You know that moment when everyone gathers around the table, and you just need that one dish that feels like a warm hug? For me, that’s always been a big, bubbling pan of creamy scalloped potatoes. I spent years trying to recreate my grandma’s legendary recipe after going dairy-free, and let me tell you, the quest was real! I’m a recipe developer who has made more versions of vegan sauces than I can count, and I finally nailed it. This recipe for the creamiest vegan scalloped potatoes is my absolute pride and joy—it’s rich, indulgent, and 100% plant-based. It’s the side dish that stole the show at my last holiday dinner, and I can’t wait for you to make it for your people.

Why You’ll Love These Creamy Vegan Scalloped Potatoes

Oh my goodness, where do I even start? This recipe truly hits all the right notes. First off, that cream sauce—it’s ridiculously creamy without a drop of dairy, I promise! It’s also super simple to throw together, even on a busy weeknight. Plus, it’s made with pantry staples and basic potatoes, making it crazy budget-friendly. But honestly, my favorite part is watching my dairy-loving friends take that first bite and their eyes go wide with surprise. It’s just that good!
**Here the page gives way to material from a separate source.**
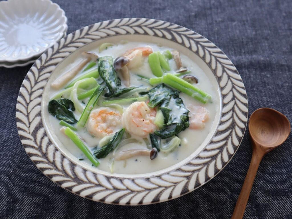 ぽかぽかからだが温まる、えびと小松菜のクリーム煮【管理栄養士レシピ】
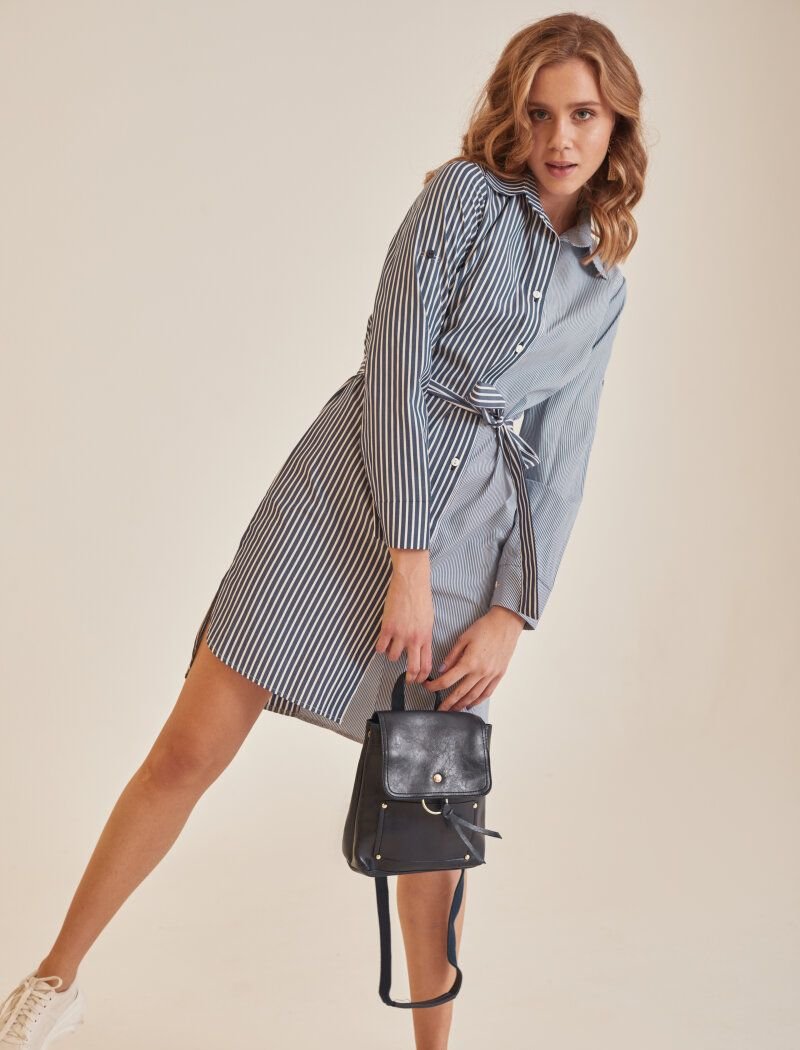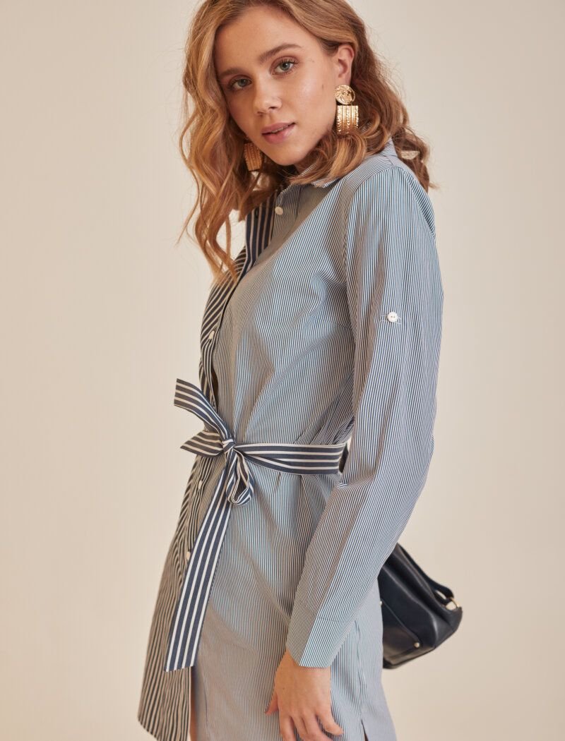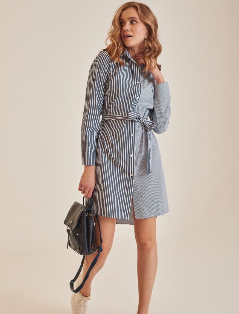 Shirt dress in a combined striped print. Turn-down collar, long sleeve on a wide cuff with a patch closure. A button-down placket in the front, pockets in the seams, an elongated back and a removable fabric belt.

Ingredients for Creamy Vegan Scalloped Potatoes

Okay, let’s gather our simple but mighty ingredients! You’ll need 4 large russet potatoes (about 2 lbs) – peeled and sliced paper-thin (trust me, this makes all the difference). For that luscious cream sauce, grab 2 cups unsweetened almond milk (I swear by Almond Breeze for consistency), 2 tablespoons olive oil, and 2 garlic cloves minced so fine they practically disappear. The magic comes from 1/4 cup nutritional yeast (pack it like brown sugar!) – it gives that cheesy flavor without the dairy. Round it out with 1 teaspoon onion powder, 1/2 teaspoon salt, 1/4 teaspoon black pepper, and 1 tablespoon cornstarch to thicken everything up beautifully. Oh, and if you’re feeling fancy, a handful of fresh parsley makes the prettiest finishing touch!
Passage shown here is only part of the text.